Prior to joining Governor Wilson’s senior staff, Judge Brown was an associate at Nielsen, Merksamer, Parrinello, Mueller & Naylor. Earlier, she served as Deputy Secretary and General Counsel for California’s Business, Transportation and Housing Agency (BT&H), working primarily with business regulatory departments. She came to BT&H after eight years in the Attorney General’s Office, where she worked in both the criminal appellate and civil trial divisions. She also worked for two years for the Legislative Counsel and previously served as an adjunct professor at the University of the Pacific’s McGeorge School of Law.
Judge Brown currently serves on the Board of Regents of Pepperdine University and is a member of the Board of the Coolidge Foundation. She also serves as the Darling Foundation Jurist-in-Residence and a visiting professor at the University of California-Berkeley School of Law.
Judge Brown is a graduate of the University of California, Los Angeles, School of Law and California State University, Sacramento. In 2004, Judge Brown received a Master of Laws degree in Judicial Process after completing the Graduate Program for Judges at the University of Virginia School of Law.

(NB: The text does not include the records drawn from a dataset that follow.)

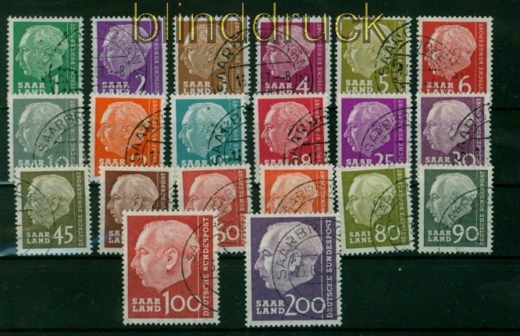 Saarland OPD Mi # 380/99 gestempelt Heuss (I) komplette Ausgabe einheitlich gestempelt Erhaltung siehe Scan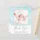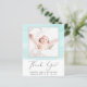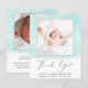 Affordable budget baby boy or baby girl birth announcement and thank you card featuring soft mint green watercolor brush strokes, your newborn's photo and "Thank You" in an elegant contemporary script with a heart swash. Personalize with his or her name, arrival date and birth stats in simple modern typography. On the reverse side, add an additional photo and a customized thank you and announcement message.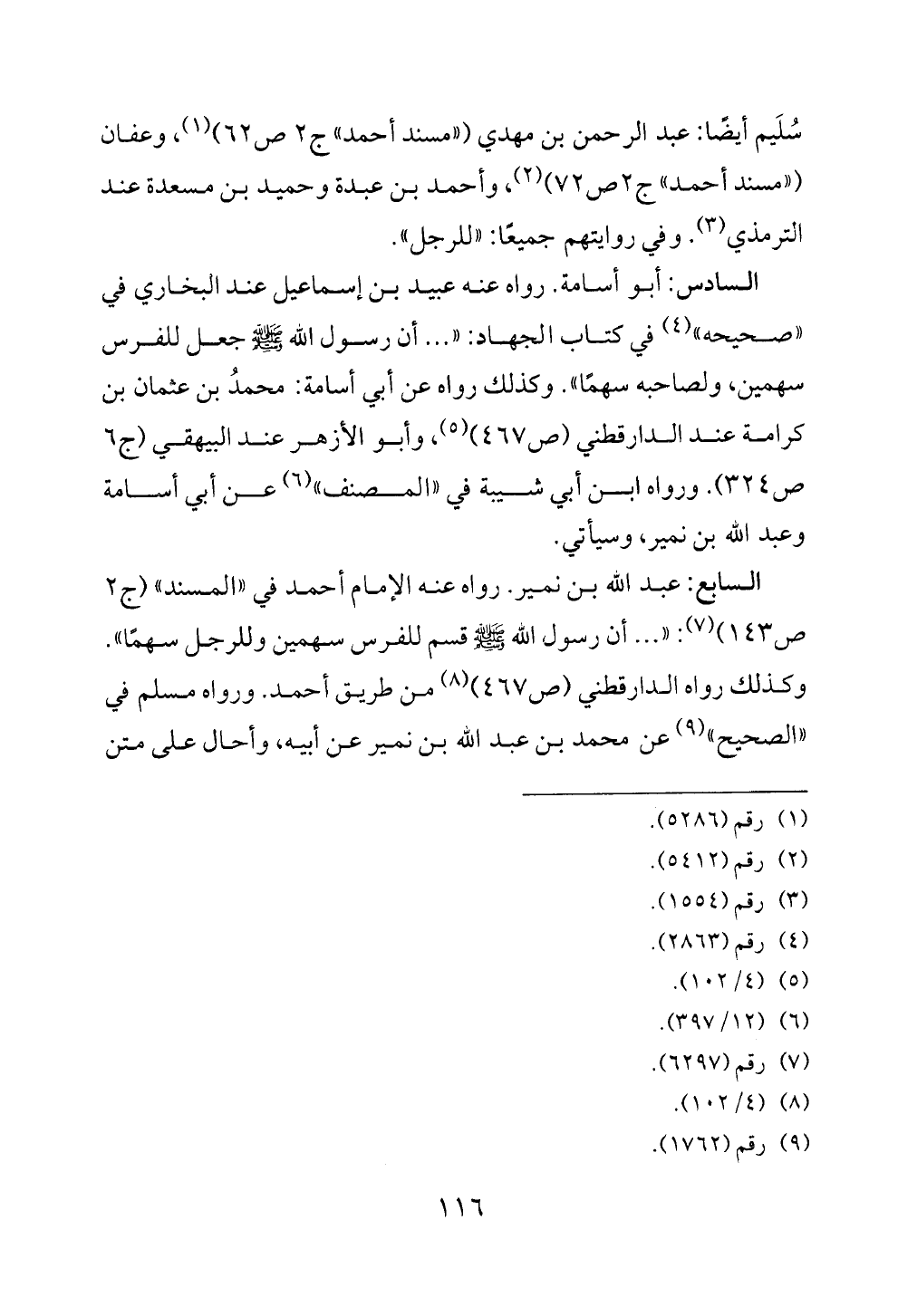 السابع: عبد الله بن نمير. رواه عنه الإمام أحمد في «المسند» (ج ٢ ص ١٤٣) (¬٧): « ... أن رسول الله - صلى الله عليه وسلم - قسم للفرس سهمين وللرجل سهمًا». وكذلك رواه الدارقطني (ص ٤٦٧) (¬٨) من طريق أحمد. ورواه مسلم في «الصحيح» (¬٩) عن محمد بن عبد الله بن نمير عن أبيه، وأحال على متن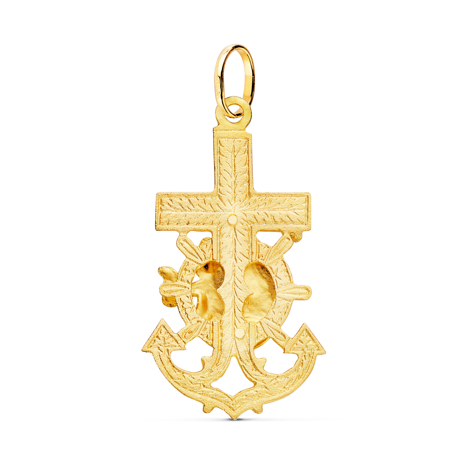 18K CRUZ MARINERA ORO AMARILLO VIRGEN DEL CARMEN TALLADA 40X22 MM

The recipient of honorary doctorates from Pepperdine University, Ave Maria School of Law, Catholic University’s Columbia School of Law, and Southwestern School of Law, Brown received the UCLA School of Law Alumnus of the Year award in 1998 and UCLA’s 2004 Award for Excellence in Public Service. She has been honored with the Jurisprudence Award of the Claremont Institute’s Center for Constitutional Jurisprudence. Judge Brown retired from the bench in 2017.